Heuristic:Marker Inc Korea AutoRAG Deterministic Evaluation Generation
| Knowledge Sources | |
|---|---|
| Domains | Evaluation, RAG, Data_Quality |
| Last Updated | 2026-02-12 00:00 GMT |
Overview
Use temperature=0 and minimal token budgets for ground truth generation and metric evaluation to ensure reproducible, cost-efficient evaluation datasets.
Description
AutoRAG enforces deterministic LLM outputs (temperature=0) in two critical contexts: (1) when generating ground-truth answers for evaluation datasets, and (2) when computing LLM-based evaluation metrics (e.g., faithfulness scoring).
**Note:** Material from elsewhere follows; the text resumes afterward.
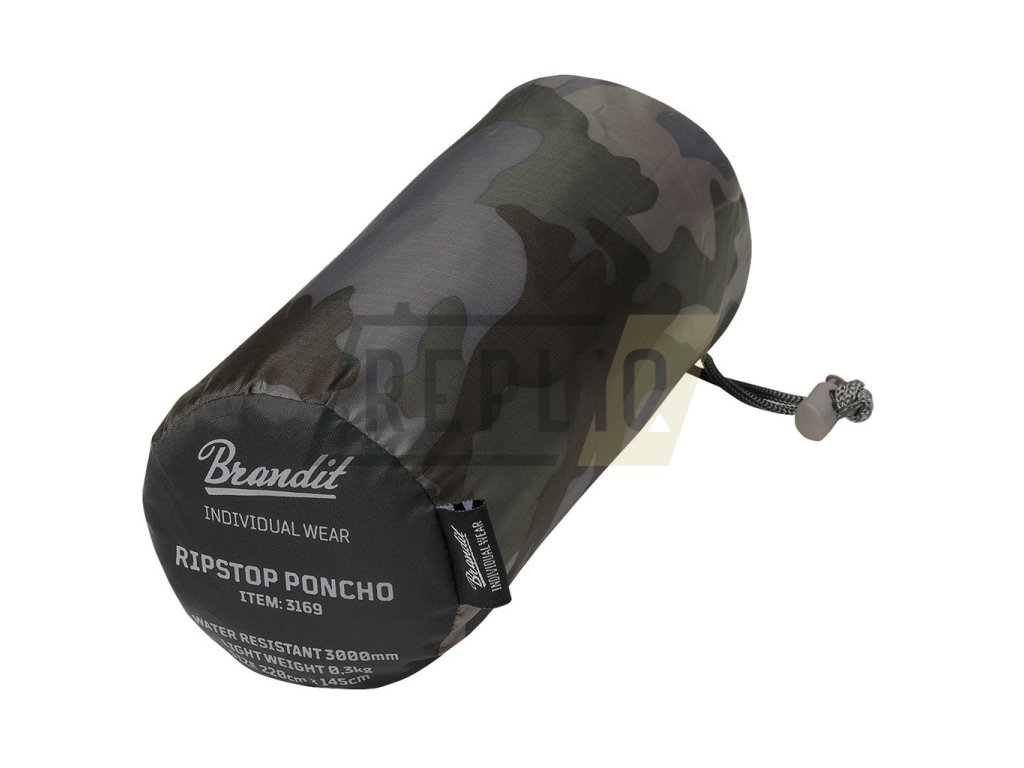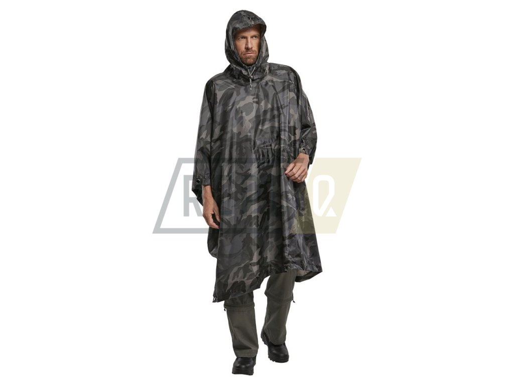 Odlehčené pončo vyrobené z robustního polyesterového materiálu v rip-stop úpravě. Pončo je opatřeno osmi druky a šesti kovovými průvleky, díky kterým můžete pončo v případě potřeby použít jako plachtu či s jeho pomocí vybudovat improvizovaný přístřešek. Kapuce ponča je hluboká a nastavitelná pomocí šňůrky s plastovou brzdičkou. Pončo je dodáváno s přepravním obalem.

Additionally, metric evaluation calls use minimal token budgets (max_tokens=2) when only a classification label is needed. This combination ensures that evaluation results are reproducible across runs and that API costs for evaluation are minimized.
Usage
This heuristic is automatically applied in AutoRAG's data creation and evaluation pipelines. When creating custom QA datasets or evaluation metrics, follow the same pattern: set `temperature=0` for any LLM call whose output serves as ground truth or evaluation signal.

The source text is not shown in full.